Het hof heeft in hoger beroep de op te leggen straf bepaald op grond van de ernst van het feit en de omstandigheden waaronder dit is begaan en gelet op de persoon van de verdachte. Het hof heeft daarbij in het bijzonder het volgende in beschouwing genomen.
De verdachte heeft zich schuldig gemaakt aan het plegen van een winkeldiefstal. Door zo te handelen heeft de verdachte er blijk van gegeven geen respect te hebben voor het eigendomsrecht van anderen. Naast hinder brengt dit ook schade teweeg. Het hof rekent hem dit aan.

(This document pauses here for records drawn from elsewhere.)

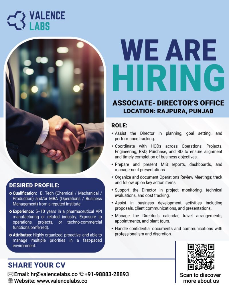 - Experience: 5–10 years in pharmaceutical API manufacturing or related industry, with exposure to operations, projects, or techno-commercial roles.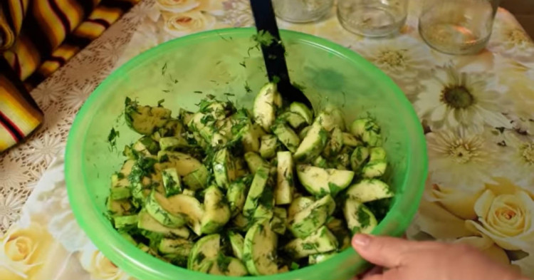 Дрібно наріж зелень, а гострий перець – тонкими кільцями. Додай їх до кабачків. Акуратно перемішай продукти. Залиш їх години на 3. Тим часом промий банки.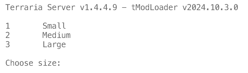 选择世界大小,输入的对应编号回车,1为小世界,2为中世界,3为大世界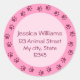 Pink, custom address labels with a circle of plum coloured dog or cat pawprints on a pink border around the edge of the sticker. In the centre is a lighter pink area you can customise with your name and contact information. Use the stickers as return address labels on the back of envelopes or on gift packages. Or as bookplates or property labels and stick them in books or on other belongings to identify them as yours. Available in other colours. Cute, girly design for girls and women. Save money by buying in bulk.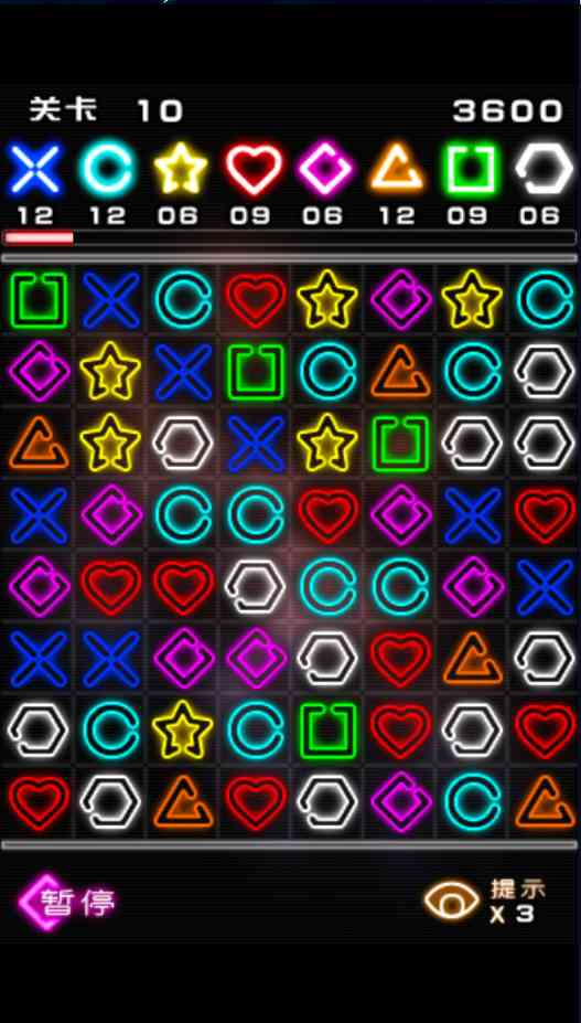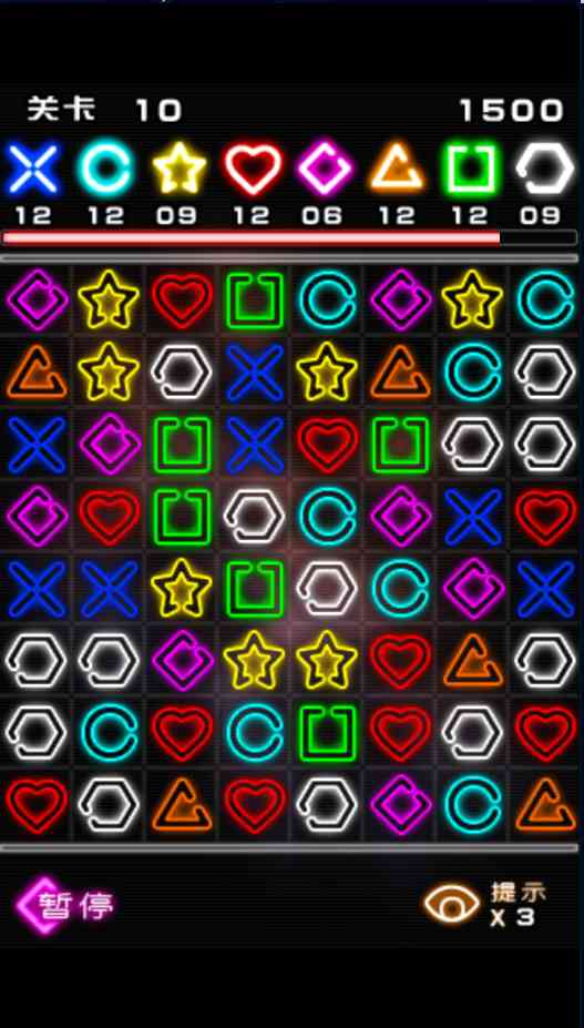 是一个幻彩图形调换的益智游戏。通过触屏,你可以调换不同图形位置, 性价比超高。 达到三个或以上相同图形连成一线为之得分。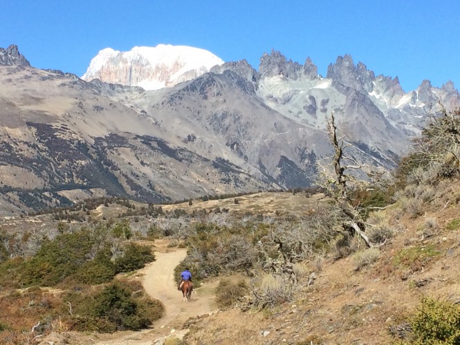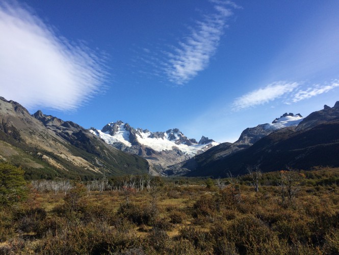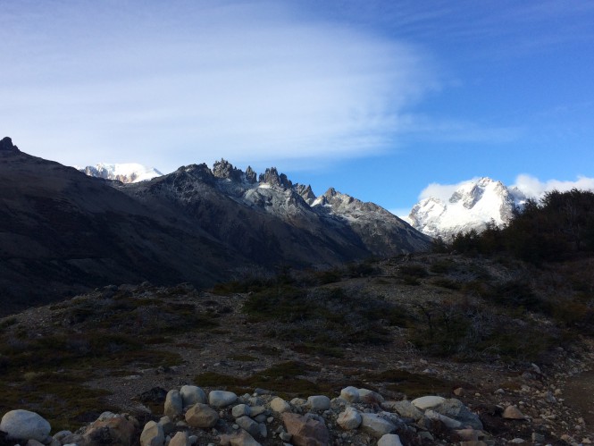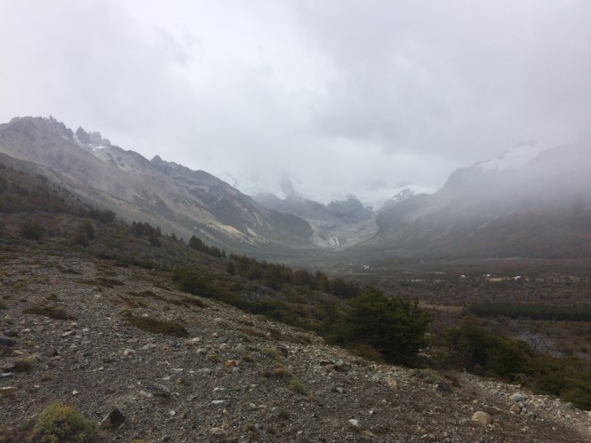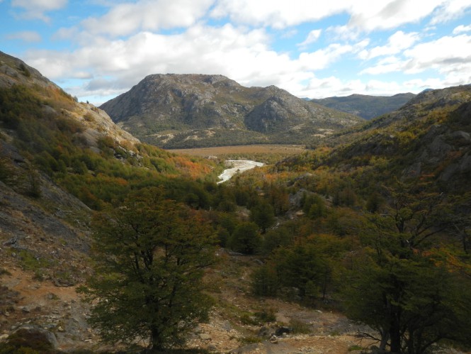A vista para o fundo do vale, direção S-SW, é linda, o Cordón San Lorenzo com a torre de Feruglio e uma série de glaciares que alimenta a laguna del Tranquilo, que dá origem ao rio de mesmo nome (mas não achei o rio assim tranquilo não).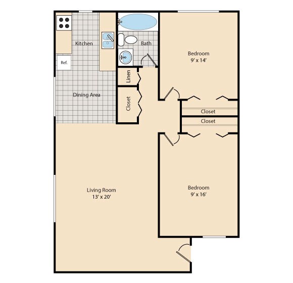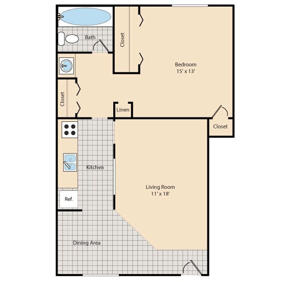 Modelo de apartamento: OrchidDesde $9001 Dormitorio, 1 Baño, 457 sq ftDisponible Ahora![]()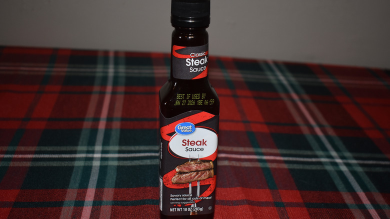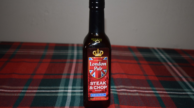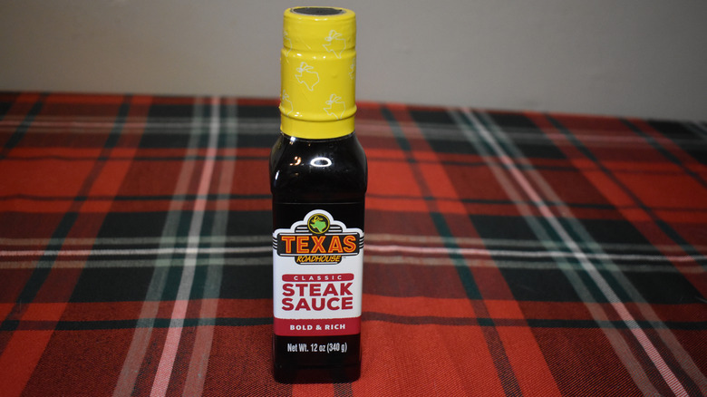 The next sauce on our list comes from a fairly well-known mid-range steakhouse chain: Texas Roadhouse. They have an entire line of steak sauces, so I went with their original Bold and Rich sauce. It has the usual suspects on the ingredient list: vinegar, tomato paste, raisin paste, salt, tamarind extract, garlic, and onion. While it's created for steak, this sauce can also be used as a dip or marinade for chicken, carne asade, and many other dishes.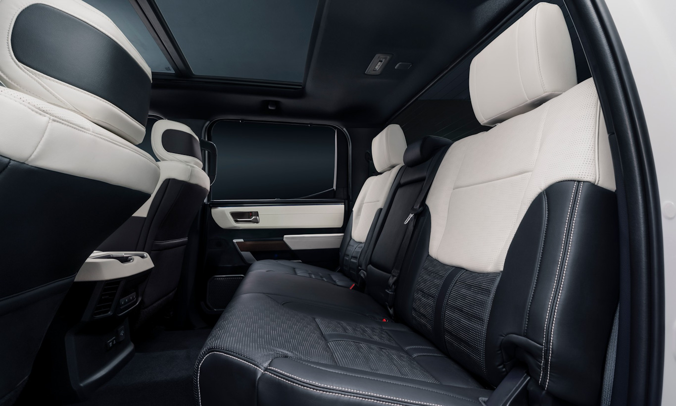 A picape grande da Toyota ainda conta com bancos dianteiros e traseiros com aquecimento e resfriamento. O volante tem aquecimento e traz o mesmo refinado couro dos bancos. Sistema de som JBL é parecido com o da Hilux, mas com 12 alto-falantes. Teto solar panorâmico é um dos grandes destaques, literalmente.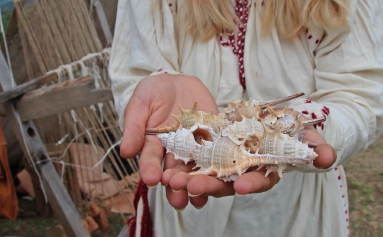 În tabăra celor de la Omnis Barbaria, atenția vizitatorilor este atrasă de câteva scoici, iar arheologul Alina Iancu le explică: „Scoicile acestea ţepoase ne aduc aminte de purpură în spațiul mediteranian. Sunt, de fapt, niște melci marini care se numesc „muricide”, sunt mai multe specii folosite pentru a obţine coloranţi în Antichitate.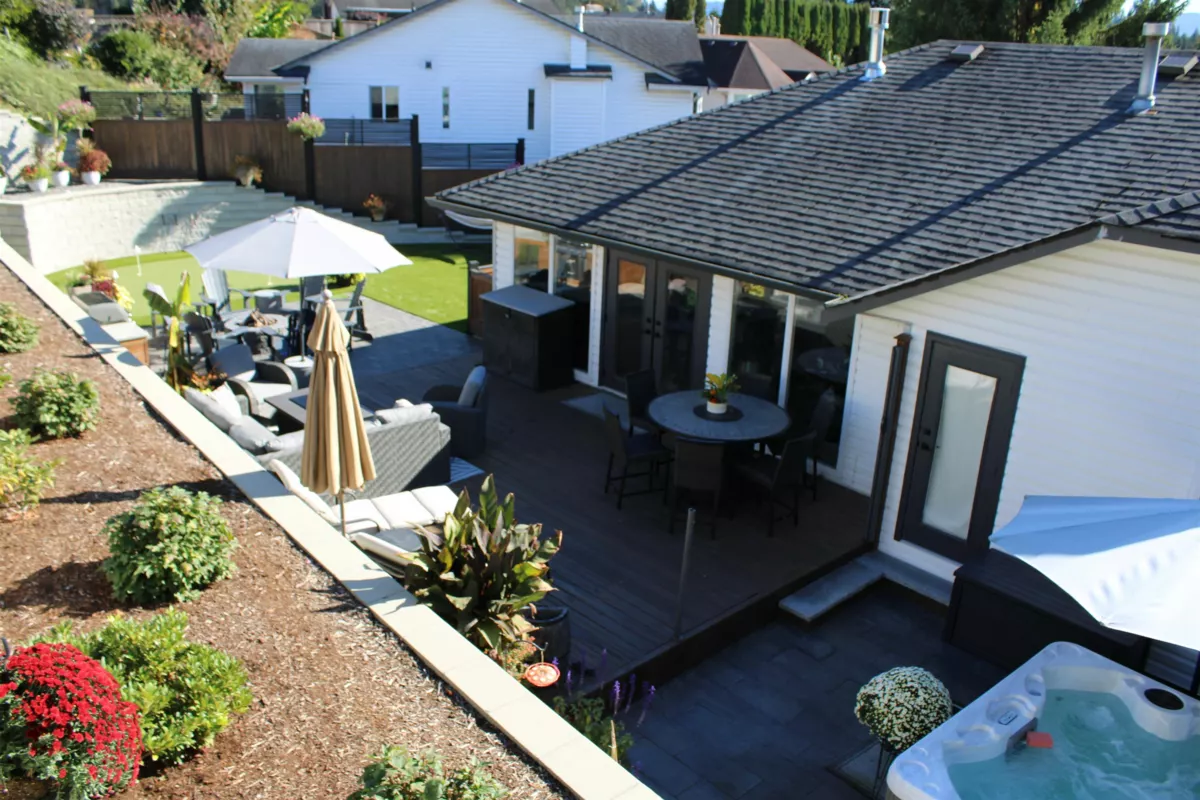 Neighbourhood! Renovations! Backyard oasis! Totally renovated McMillan home on a quiet street just a few blocks to everything (Abbot Rec Ctr, all 3 levels of school including Yale Sec, shopping...). This backyard will keep you home - level walk-out from main, lounging deck, outdoor kitchen w/ natural gas grill & gas fire pit, artificial turf with putting green, hot tub (w/ access from primary bdrm!), engineered decorative block wall with built-in lighting. Updates include - gorgeous custom kitchen w/ quartz, stainless steel appliances, wine fridges, commercial grade sink, recessed lighting, stunning baths w/ custom showers, flooring thru-out, air conditioning, light fixtures, moldings, hardware, stacked rock f/p. RV parking. Amazing East Abbotsford neighbourhood just minutes to freeway.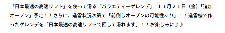 これにつられて有給休暇とって初滑り行ってきました。

Blijkens een de verdachte betreffend uittreksel uit de Justitiële Documentatie van 4 februari 2019 is hij meermalen onherroepelijk veroordeeld ter zake van (winkel)diefstal, hetgeen in zijn nadeel weegt.
Het hof is van oordeel dat, gelet op de veelvuldige speciale recidive van de verdachte, niet met een andere straf dan met een onvoorwaardelijke gevangenisstraf kan worden volstaan en het hof acht, alles afwegende, een onvoorwaardelijke gevangenisstraf van na te melden duur passend en geboden.
Het hof heeft gelet op de toepasselijkheid van artikel 63 van het Wetboek van Strafrecht.

BESLISSING

Het hof:
Vernietigt het vonnis waarvan beroep ten aanzien van de strafoplegging en de motivering daarvan en doet in zoverre opnieuw recht.
Veroordeelt de verdachte tot een
gevangenisstrafvoor de duur van
4 (vier) weken.
Bevestigt het vonnis waarvan beroep voor het overige, met inachtneming van het hiervoor overwogene.
Dit arrest is gewezen door de meervoudige strafkamer van het gerechtshof Amsterdam, waarin zitting hadden mr. E. van Die, mr. H.A. van Eijk en mr. M.L.M. van der Voet, in tegenwoordigheid van D. de Jong, griffier, en is uitgesproken op de openbare terechtzitting van dit gerechtshof van 25 februari 2019.
Mr. E. van Die is buiten staat dit arrest te ondertekenen.